The Charlotte officials, visiting on the latest stop of the Charlotte Chamber’s fact-finding tour of other cities, said Houston’s transportation system seems to be doing a better job keeping up with growth.

Debate, for instance, has been raging in Charlotte about building toll lanes on Interstate 77 between uptown and the Lake Norman area. The state Department of Transportation intends to hire a company this fall to finance, design, build and operate toll lanes.

Lake Norman-area residents, angry about paying tolls to use the major artery through their area, remain opposed to the plan.

Peter Key, director of the Harris County Toll Road Authority, said his agency oversees five toll highways in the Houston region. Houston has three outer belts, the last two being toll roads. Commuters have come to accept the concept, he said, as long as they have free highways to use as an (often less speedy) alternative.

Still, he said overseeing toll roads often feels more like running an e-commerce company than a transportation operation. He said much time is spent trying to get tolls and payments from nonpaying motorists.

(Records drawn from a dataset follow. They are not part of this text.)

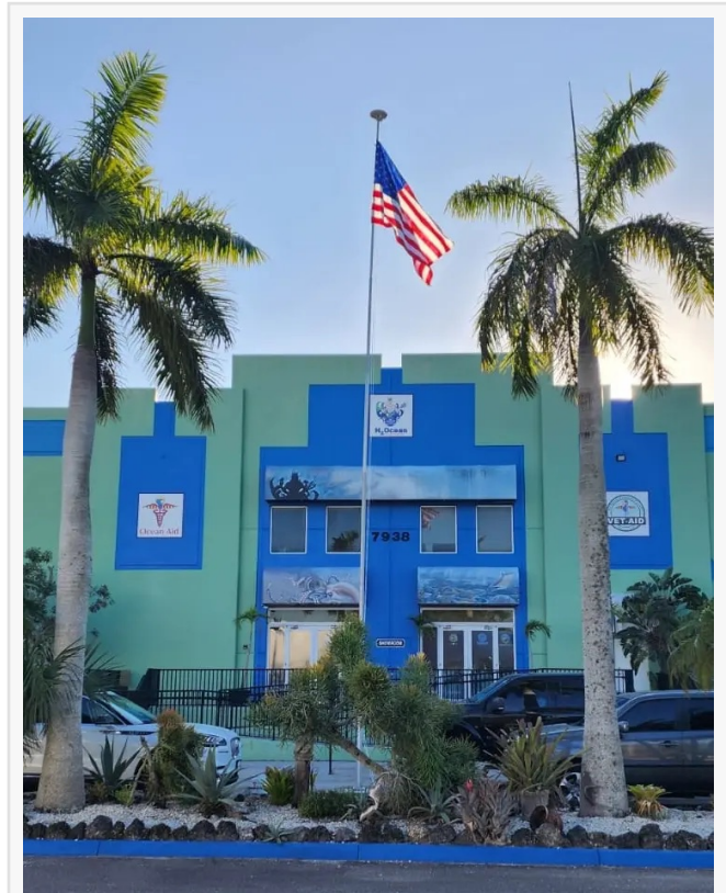
H2Ocean Headquarters, Stuart, Florida, USA

Post-Op Care is the Cornerstone of Patient Satisfaction- Quality post-operative care can make or
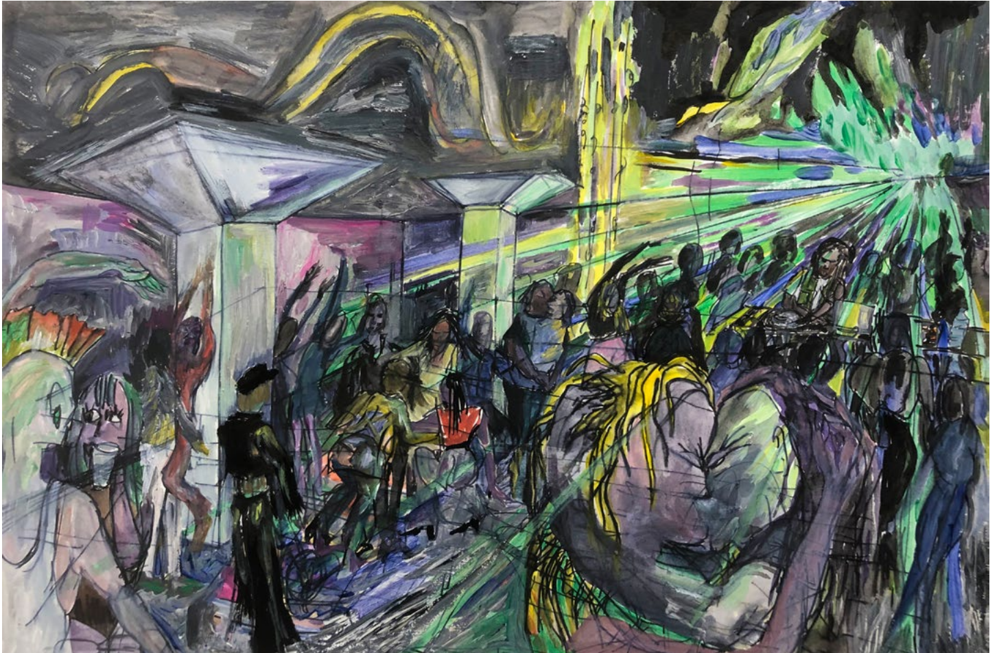
Basel Social CLUB, 2023 Watercolour on paper, clip frame 33,5 × 50 cm
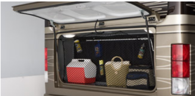
The DynaQuest XL offers a surprisingly large amount of storage. An even bigger surprise is the extra storage available in the rear trunk.
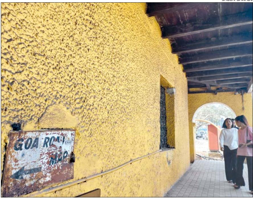
Layers of dust coat the walls of a historic building near the Head Post Office in Panjim
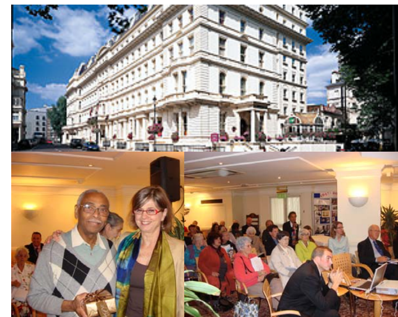
Corus Hotel Bayswater Road

Our Annual General Meeting took place on Thursday the 20th September at the Four Star Corus Hotel in Bayswater. Over 50 people enjoyed a montage of photographs from the past after an enthralling presentation on dignity and respect for older people in hospital by Dr Jackie Morris

“A lot of people just had inflated expectations that if you have a highway and you string some fancy equipment over it the money will just roll in, but it just doesn’t work that way,” he said. “It can be a logistical nightmare.”

Many officials from Charlotte had questions about whether partnerships with private developers can help get projects done. Tom Lambert, head of Houston’s METRO transportation agency, suggested such partnerships can be tricky.

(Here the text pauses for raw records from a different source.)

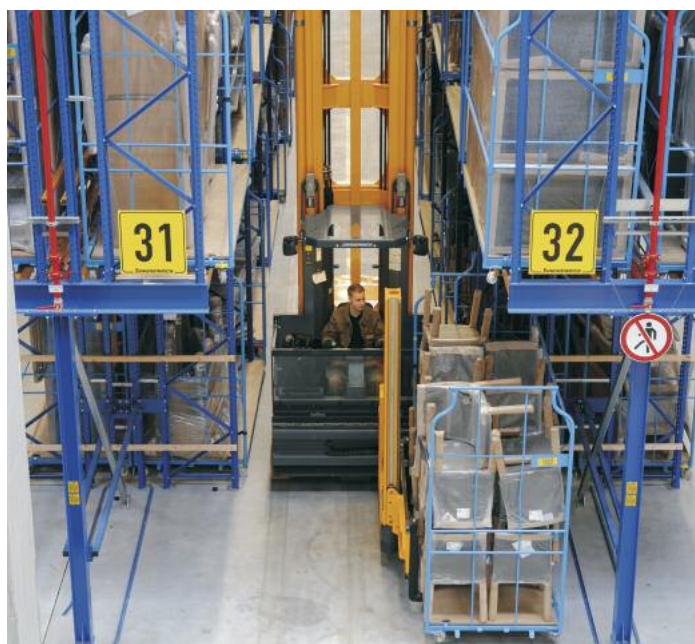
Using the integrated RFID warehouse navigation, the EKX 515 communicates via transponders embedded in the floor

gy, error-free stacking and retrieval is guaranteed." The stacker transmits appropriate confirmations back to the Jungheinrich WMS. The automatic control and monitoring of all processes eliminates other manual and time-consuming scans.
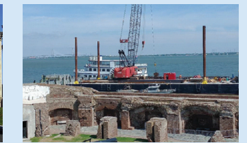
NPS - Ft Sumter Pier Upgrade
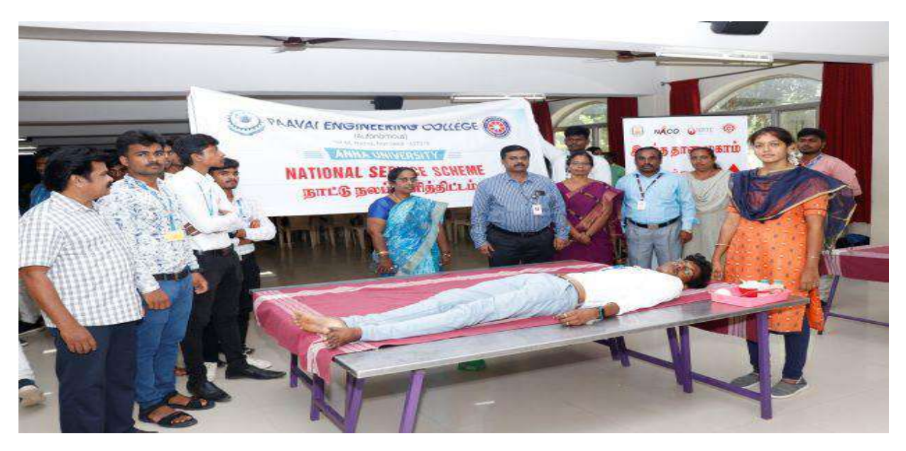
Our volunteers and students donating blood in the camp (11.08.22)

He said his agency has allowed private companies to build, design, finance and operate projects in the past. However, it has trimmed back to simply allowing private firms to build and design instead because public workers can oversee the other functions better.

Davidson Mayor Pro Tem Brian Jenest, head of the chamber’s transportation committee, told Houston leaders their city might be bigger, “but our transportation challenges are every bit as big as yours.”

He referred to the fight over toll lanes on I-77 as “a bloodbath.”

Charlotte-area transit projects are mainly funded through a half-cent sales tax approved in 1998. But officials say the recession has left the Charlotte Area Transit System with a massive shortfall.

A transit funding task force launched by Mayor Anthony Foxx has estimated CATS will need to find $3.3 billion to build its remaining transit corridors, and $1.7 billion more to operate and maintain the lines through 2024.

The task force has suggested adding another half-cent to the sales tax, but City Council member David Howard said Thursday’s panel discussion showed the region needs to explore all options for funding.

“I think where we’re landing is we want to use all these private investment opportunities we’ve discussed to the best of our ability before we go to the public,” he said afterward. “Make it the best deal, and then ask the public to partner.”

The day’s sessions also featured panels on other topics:

•  Health care. The delegation toured Houston’s 1,300-acre Texas Medical Center campus, the world’s largest medical complex. The region’s largest employer, it boasts more than 20,000 doctors, nurses and researchers. One Houston official said one of every four hotel stays in the city is related to the health care industry.

•  Minority- and women-owned businesses. Houston has at least 900 such companies, generating $30 billion in annual sales. But some said Charlotte still has work to do in encouraging minority- and women-owned businesses.

•  Foreign investment. Houston has more than 700 foreign-owned companies and more than 90 foreign consular offices. Texas is becoming even more attractive because of economic incentives and cheap energy, said Klaus-Jochen Guhlcke, Houston-based consul general for Germany.

“This is one of the toughest states to compete against,” said Jeff Edge, senior vice president for economic development with the chamber.

Charlotte is making progress. He noted that fDi Magazine, which tracks foreign investment in cities, ranked Charlotte No. 7 overall among its “Large American Cities of the Future.” But the city still has work to do, he added. The magazine ranked Charlotte No. 8 among business-friendly large cities in 2011-12, but dropped the Queen City from that list’s Top 10 for 2013-14.